Information provided:
◆ ◆ ◆ ◆ ◆ ◆ ◆

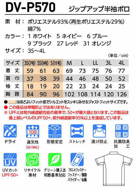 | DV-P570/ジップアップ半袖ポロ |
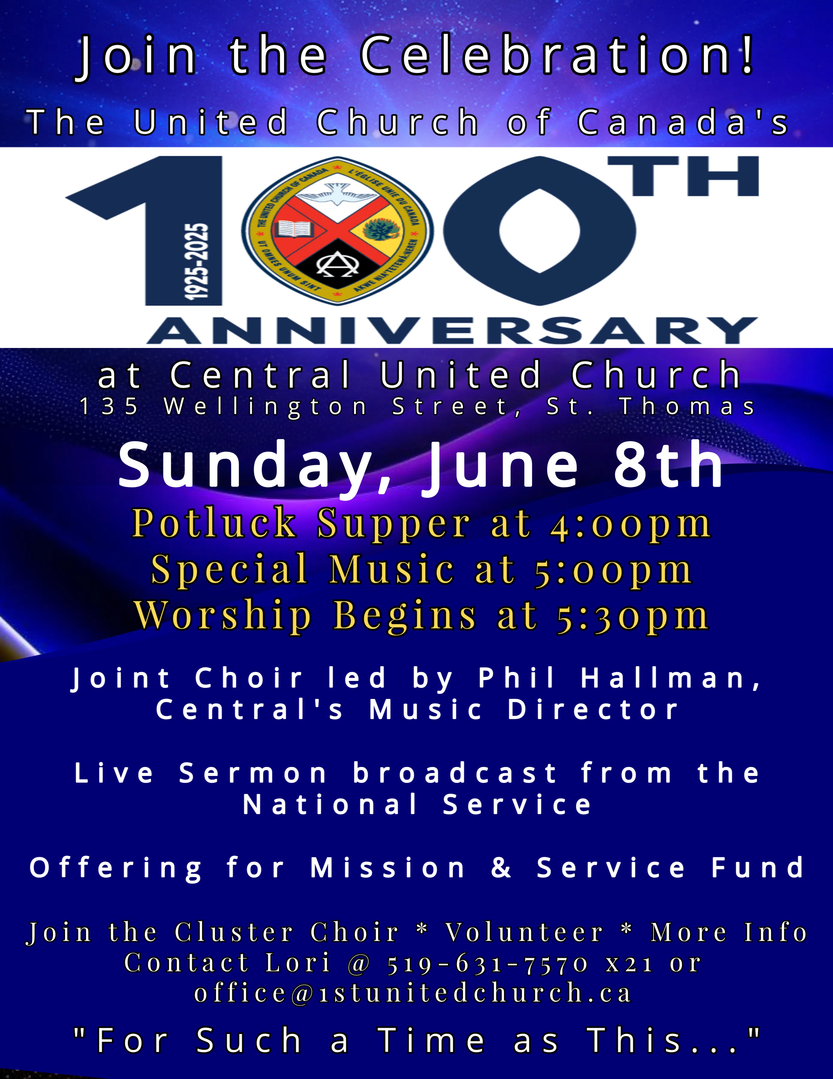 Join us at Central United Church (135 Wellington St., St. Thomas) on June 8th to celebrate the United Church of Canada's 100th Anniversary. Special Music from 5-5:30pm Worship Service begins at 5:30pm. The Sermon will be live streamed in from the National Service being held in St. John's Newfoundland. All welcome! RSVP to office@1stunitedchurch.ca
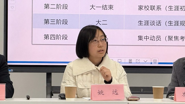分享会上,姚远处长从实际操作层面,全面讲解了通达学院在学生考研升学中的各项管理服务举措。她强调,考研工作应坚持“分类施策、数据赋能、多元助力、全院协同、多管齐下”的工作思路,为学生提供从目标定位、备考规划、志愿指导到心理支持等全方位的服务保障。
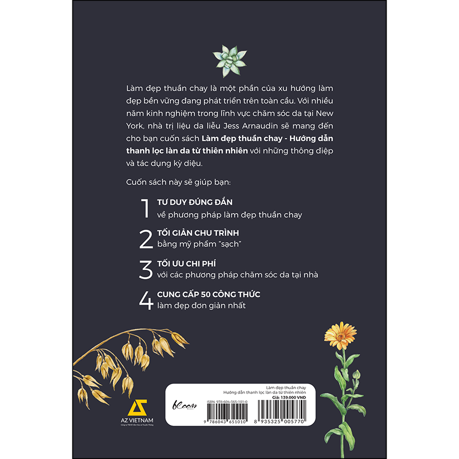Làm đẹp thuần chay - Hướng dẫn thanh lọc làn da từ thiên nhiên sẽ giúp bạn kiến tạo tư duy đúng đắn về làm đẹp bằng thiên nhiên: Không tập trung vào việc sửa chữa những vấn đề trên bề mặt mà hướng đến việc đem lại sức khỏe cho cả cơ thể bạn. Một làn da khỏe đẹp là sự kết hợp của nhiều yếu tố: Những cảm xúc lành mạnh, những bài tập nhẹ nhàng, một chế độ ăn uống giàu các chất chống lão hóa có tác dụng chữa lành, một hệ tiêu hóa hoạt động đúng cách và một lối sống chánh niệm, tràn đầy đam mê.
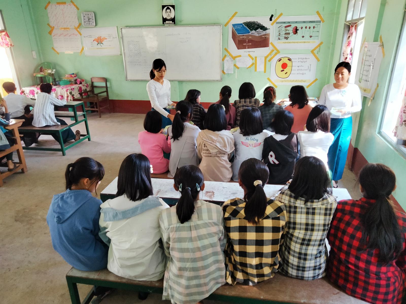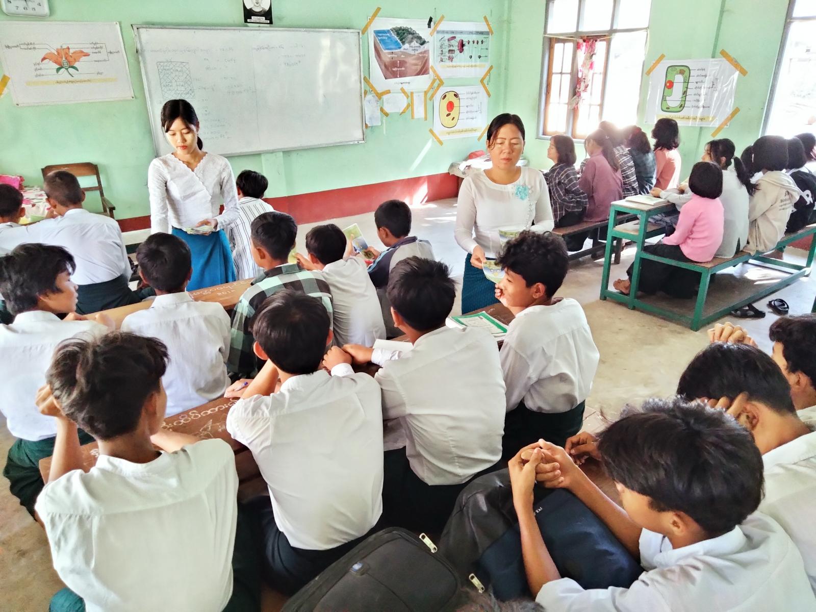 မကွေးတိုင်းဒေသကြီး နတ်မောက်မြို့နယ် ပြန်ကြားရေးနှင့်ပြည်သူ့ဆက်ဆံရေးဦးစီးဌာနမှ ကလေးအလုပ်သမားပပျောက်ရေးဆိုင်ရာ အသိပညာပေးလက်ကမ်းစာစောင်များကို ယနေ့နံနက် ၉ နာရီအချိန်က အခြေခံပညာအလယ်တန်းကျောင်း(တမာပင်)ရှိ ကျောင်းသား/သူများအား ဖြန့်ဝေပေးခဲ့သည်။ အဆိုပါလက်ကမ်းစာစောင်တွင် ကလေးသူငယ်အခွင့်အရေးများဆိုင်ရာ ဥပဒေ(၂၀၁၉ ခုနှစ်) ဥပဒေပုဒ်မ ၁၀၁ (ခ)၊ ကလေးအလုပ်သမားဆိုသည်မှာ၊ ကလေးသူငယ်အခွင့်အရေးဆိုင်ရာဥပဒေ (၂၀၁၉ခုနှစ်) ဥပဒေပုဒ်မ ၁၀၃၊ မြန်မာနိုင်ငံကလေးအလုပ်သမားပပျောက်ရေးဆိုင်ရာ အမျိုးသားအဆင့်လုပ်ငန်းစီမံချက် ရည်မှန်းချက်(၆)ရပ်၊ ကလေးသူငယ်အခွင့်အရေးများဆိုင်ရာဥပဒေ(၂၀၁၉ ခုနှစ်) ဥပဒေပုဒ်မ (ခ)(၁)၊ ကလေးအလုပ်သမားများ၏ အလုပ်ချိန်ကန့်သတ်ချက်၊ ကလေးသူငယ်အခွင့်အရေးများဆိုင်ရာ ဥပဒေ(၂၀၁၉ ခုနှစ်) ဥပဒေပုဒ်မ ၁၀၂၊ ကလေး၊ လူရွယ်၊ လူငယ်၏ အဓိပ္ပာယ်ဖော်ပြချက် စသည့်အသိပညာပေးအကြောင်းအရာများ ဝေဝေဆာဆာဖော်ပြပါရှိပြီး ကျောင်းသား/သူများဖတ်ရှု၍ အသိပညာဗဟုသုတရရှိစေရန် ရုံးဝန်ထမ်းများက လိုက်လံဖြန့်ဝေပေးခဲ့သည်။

◆ ◆ ◆ ◆ ◆ ◆ ◆

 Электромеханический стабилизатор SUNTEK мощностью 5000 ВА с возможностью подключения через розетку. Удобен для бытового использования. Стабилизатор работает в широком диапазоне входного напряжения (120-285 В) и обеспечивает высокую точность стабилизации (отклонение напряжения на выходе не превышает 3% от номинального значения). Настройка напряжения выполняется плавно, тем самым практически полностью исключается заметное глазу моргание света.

◆ ◆ ◆ ◆ ◆ ◆ ◆

What this task involves:
Word for word, repeat the lines above from the one with "Làm đẹp thuần" through the one with "အသိပညာဗဟုသုတရရှိစေရန် ရုံးဝန်ထမ်းများက လိုက်လံဖြန့်ဝေပေးခဲ့သည်။", and nothing beyond them. Omit the pictures.

Finished task:
Làm đẹp thuần chay - Hướng dẫn thanh lọc làn da từ thiên nhiên sẽ giúp bạn kiến tạo tư duy đúng đắn về làm đẹp bằng thiên nhiên: Không tập trung vào việc sửa chữa những vấn đề trên bề mặt mà hướng đến việc đem lại sức khỏe cho cả cơ thể bạn. Một làn da khỏe đẹp là sự kết hợp của nhiều yếu tố: Những cảm xúc lành mạnh, những bài tập nhẹ nhàng, một chế độ ăn uống giàu các chất chống lão hóa có tác dụng chữa lành, một hệ tiêu hóa hoạt động đúng cách và một lối sống chánh niệm, tràn đầy đam mê.
 မကွေးတိုင်းဒေသကြီး နတ်မောက်မြို့နယ် ပြန်ကြားရေးနှင့်ပြည်သူ့ဆက်ဆံရေးဦးစီးဌာနမှ ကလေးအလုပ်သမားပပျောက်ရေးဆိုင်ရာ အသိပညာပေးလက်ကမ်းစာစောင်များကို ယနေ့နံနက် ၉ နာရီအချိန်က အခြေခံပညာအလယ်တန်းကျောင်း(တမာပင်)ရှိ ကျောင်းသား/သူများအား ဖြန့်ဝေပေးခဲ့သည်။ အဆိုပါလက်ကမ်းစာစောင်တွင် ကလေးသူငယ်အခွင့်အရေးများဆိုင်ရာ ဥပဒေ(၂၀၁၉ ခုနှစ်) ဥပဒေပုဒ်မ ၁၀၁ (ခ)၊ ကလေးအလုပ်သမားဆိုသည်မှာ၊ ကလေးသူငယ်အခွင့်အရေးဆိုင်ရာဥပဒေ (၂၀၁၉ခုနှစ်) ဥပဒေပုဒ်မ ၁၀၃၊ မြန်မာနိုင်ငံကလေးအလုပ်သမားပပျောက်ရေးဆိုင်ရာ အမျိုးသားအဆင့်လုပ်ငန်းစီမံချက် ရည်မှန်းချက်(၆)ရပ်၊ ကလေးသူငယ်အခွင့်အရေးများဆိုင်ရာဥပဒေ(၂၀၁၉ ခုနှစ်) ဥပဒေပုဒ်မ (ခ)(၁)၊ ကလေးအလုပ်သမားများ၏ အလုပ်ချိန်ကန့်သတ်ချက်၊ ကလေးသူငယ်အခွင့်အရေးများဆိုင်ရာ ဥပဒေ(၂၀၁၉ ခုနှစ်) ဥပဒေပုဒ်မ ၁၀၂၊ ကလေး၊ လူရွယ်၊ လူငယ်၏ အဓိပ္ပာယ်ဖော်ပြချက် စသည့်အသိပညာပေးအကြောင်းအရာများ ဝေဝေဆာဆာဖော်ပြပါရှိပြီး ကျောင်းသား/သူများဖတ်ရှု၍ အသိပညာဗဟုသုတရရှိစေရန် ရုံးဝန်ထမ်းများက လိုက်လံဖြန့်ဝေပေးခဲ့သည်။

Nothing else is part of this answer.